China Quant Hedge Funds Under Scrutiny as Stock Turnover Jumps
(Bloomberg) -- Chinese officials are stepping up scrutiny of quantitative trading after the securities regulator warned against possible problems caused by computer-driven transactions.
Regulators consulted some top quant funds this week about the potential impact of trading on the market, people with knowledge of the matter said. Similar communications have taken place previously and regulators haven’t requested any curbs on fund size or trading frequency as of now, the people added, asking not to be named because the discussions are private.

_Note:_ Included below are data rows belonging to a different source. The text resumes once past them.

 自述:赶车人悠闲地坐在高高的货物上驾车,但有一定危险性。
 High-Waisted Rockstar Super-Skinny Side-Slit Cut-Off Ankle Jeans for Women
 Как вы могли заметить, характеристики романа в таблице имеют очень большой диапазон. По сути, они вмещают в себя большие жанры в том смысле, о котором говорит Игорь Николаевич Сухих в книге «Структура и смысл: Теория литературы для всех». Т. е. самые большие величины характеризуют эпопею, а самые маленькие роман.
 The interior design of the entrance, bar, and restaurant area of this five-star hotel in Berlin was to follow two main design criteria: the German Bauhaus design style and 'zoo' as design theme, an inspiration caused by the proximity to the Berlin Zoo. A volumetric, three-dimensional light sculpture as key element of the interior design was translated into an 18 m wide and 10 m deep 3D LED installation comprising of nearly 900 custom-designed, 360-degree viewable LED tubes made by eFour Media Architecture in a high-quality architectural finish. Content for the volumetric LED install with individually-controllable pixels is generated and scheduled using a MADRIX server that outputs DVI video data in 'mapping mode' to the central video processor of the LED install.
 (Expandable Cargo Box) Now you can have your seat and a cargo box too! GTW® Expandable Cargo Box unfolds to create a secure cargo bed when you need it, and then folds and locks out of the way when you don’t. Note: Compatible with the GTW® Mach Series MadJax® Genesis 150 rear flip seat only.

The move comes as China increases regulatory oversight of everything from tech to education to achieve “common prosperity.” China Securities Regulatory Commission Chairman Yi Huiman said in a speech on Monday that quantitative and high-frequency trading can easily cause issues such as increased volatility and unfairness even as it enhances liquidity and pricing efficiency.
The CSRC didn’t immediately respond to a request for comment.

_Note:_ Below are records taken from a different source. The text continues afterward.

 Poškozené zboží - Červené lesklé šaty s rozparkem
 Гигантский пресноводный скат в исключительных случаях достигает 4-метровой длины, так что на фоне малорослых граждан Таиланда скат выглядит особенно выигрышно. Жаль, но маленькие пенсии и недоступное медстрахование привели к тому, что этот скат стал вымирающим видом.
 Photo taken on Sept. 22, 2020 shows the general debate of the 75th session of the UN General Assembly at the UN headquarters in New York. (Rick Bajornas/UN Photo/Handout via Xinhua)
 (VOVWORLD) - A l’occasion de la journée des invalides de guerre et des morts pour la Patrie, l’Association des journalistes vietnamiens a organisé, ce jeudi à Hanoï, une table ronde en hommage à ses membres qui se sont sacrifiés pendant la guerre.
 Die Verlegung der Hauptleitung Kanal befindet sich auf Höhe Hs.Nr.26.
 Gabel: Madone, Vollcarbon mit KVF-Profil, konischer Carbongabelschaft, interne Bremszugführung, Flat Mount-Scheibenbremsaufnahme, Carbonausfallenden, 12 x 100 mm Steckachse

Chinese quant hedge funds’ combined assets topped 1 trillion yuan ($155 billion) earlier this year for the first time, as top players like Lingjun Investment, Ubiquant and Zhejiang High-Flyer Asset Management led new product offerings to tap rising demand.

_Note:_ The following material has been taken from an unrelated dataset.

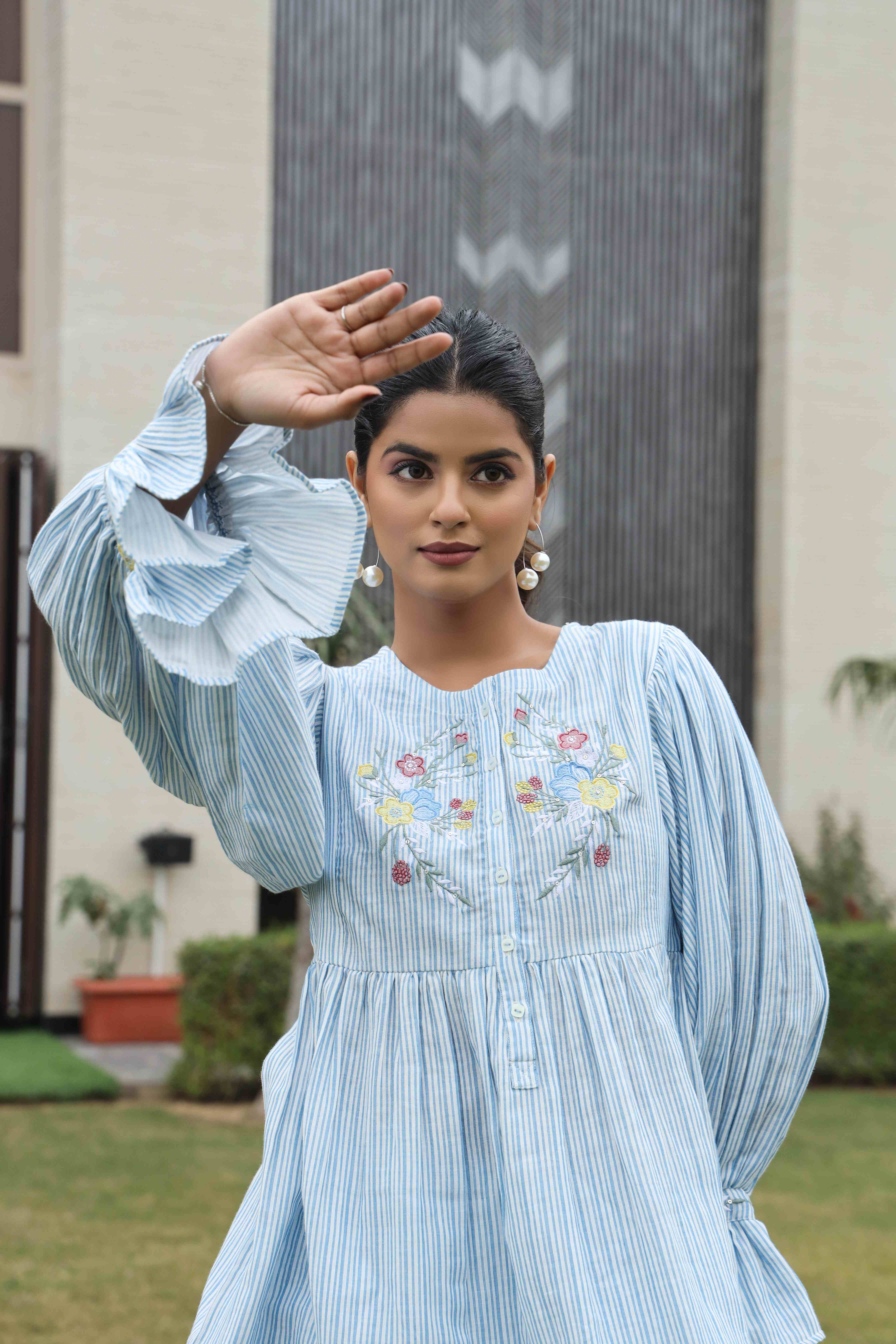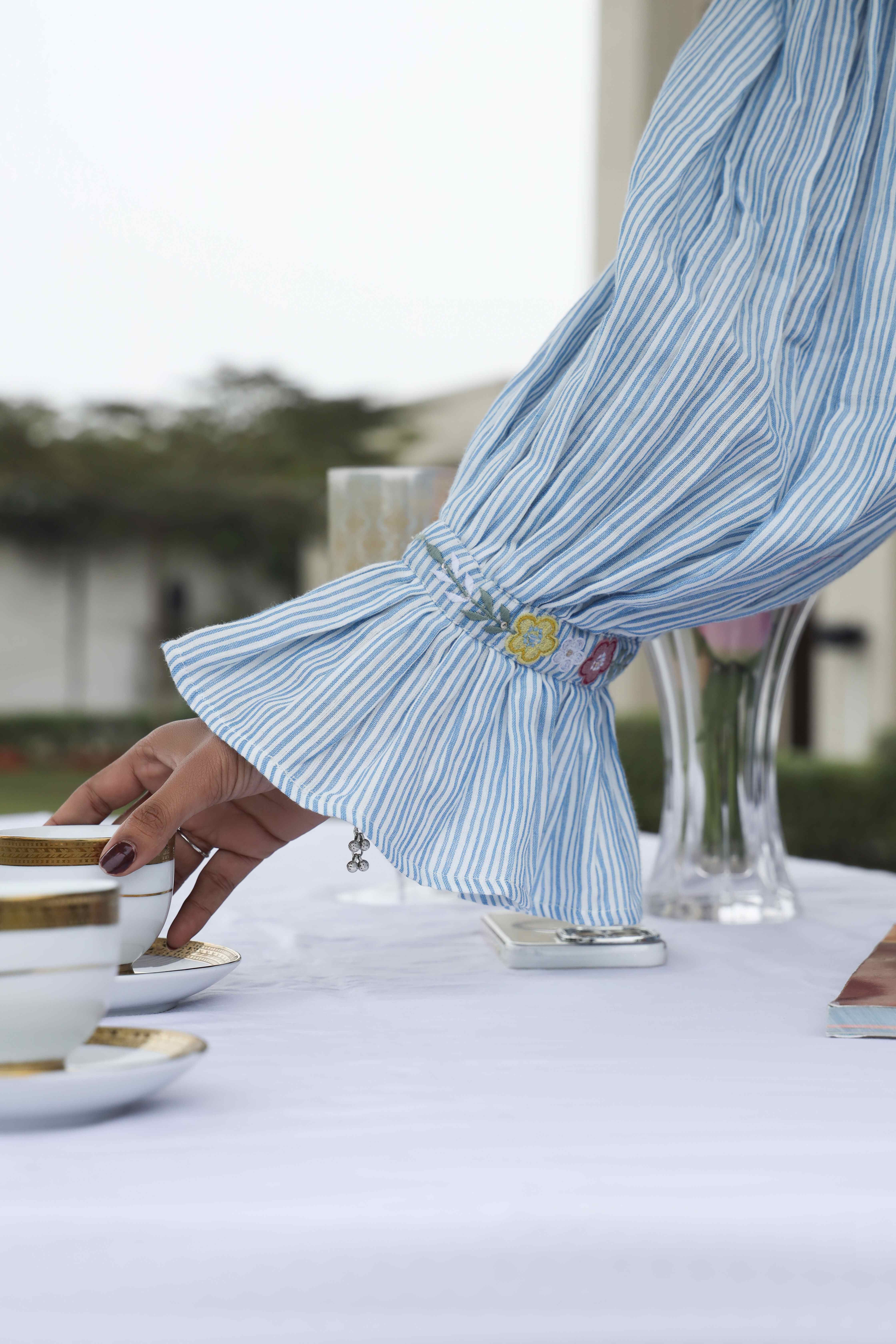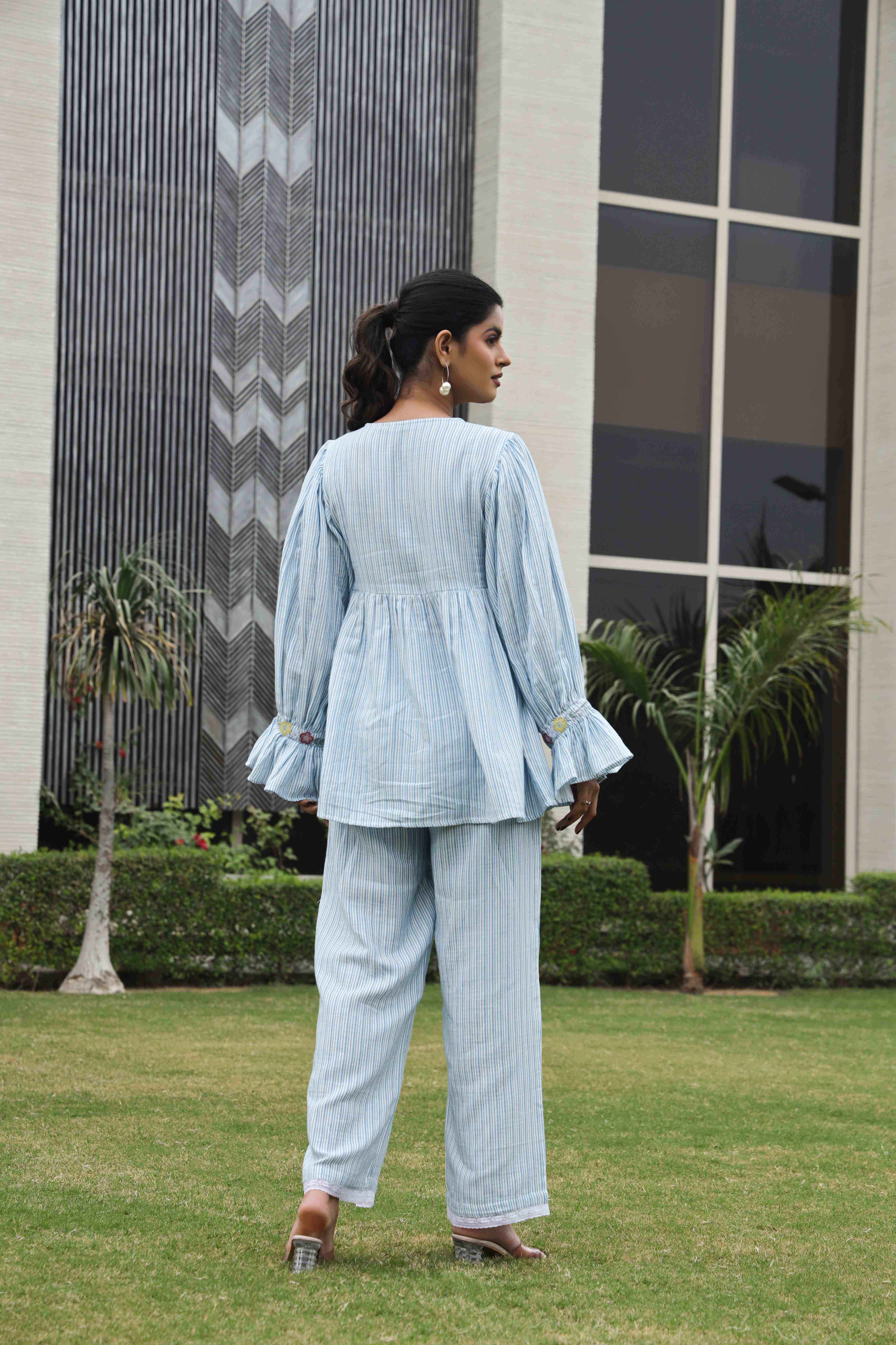 WOMEN'S EMBROIDERED WHITE & BLUE YARN DYED CO-ORD SET

“Regulators have shown a lot of care and interest recently in understanding the quant trading market,” Lingjun Investment said in a reply to Bloomberg, without elaborating. That’s “good for the industry, which will have more opportunities to communicate with and report to regulators about the quant trading market.”
Quant hedge fund Tianyan Capital closed to new inflows Sept. 7 to seek more stable growth, and it didn’t receive any guidance on winding down, the company said. The firm’s assets under management tripled this year to more than 30 billion yuan, according to its website.
Daily turnover in China’s stock market has routinely exceeded 1 trillion yuan since July, fueling discussions about the underlying causes. Such activity is rare and tends to only come in a bull market, while gains this time have been small, according to Yuan Jianjun, deputy general manager of China Universal Asset Management Co.
“That’s been a mystery that appeared in China’s capital market this year,” Yuan told a forum in Beijing on Tuesday, adding that the reasons could include residents shifting money from property into financial assets.
Before Yi’s speech, Evolution Asset Management said last week that it suspended fundraising for its algorithmic trading products, Yicai Global reported earlier. Other funds that previously took similar moves include Minghong Investment Management, Qilin Investment and JinGe Asset Management, according to the report.
Minghong closed its market-neutral and CSI 500 Index enhanced products to new inflows as early as April, according to the company.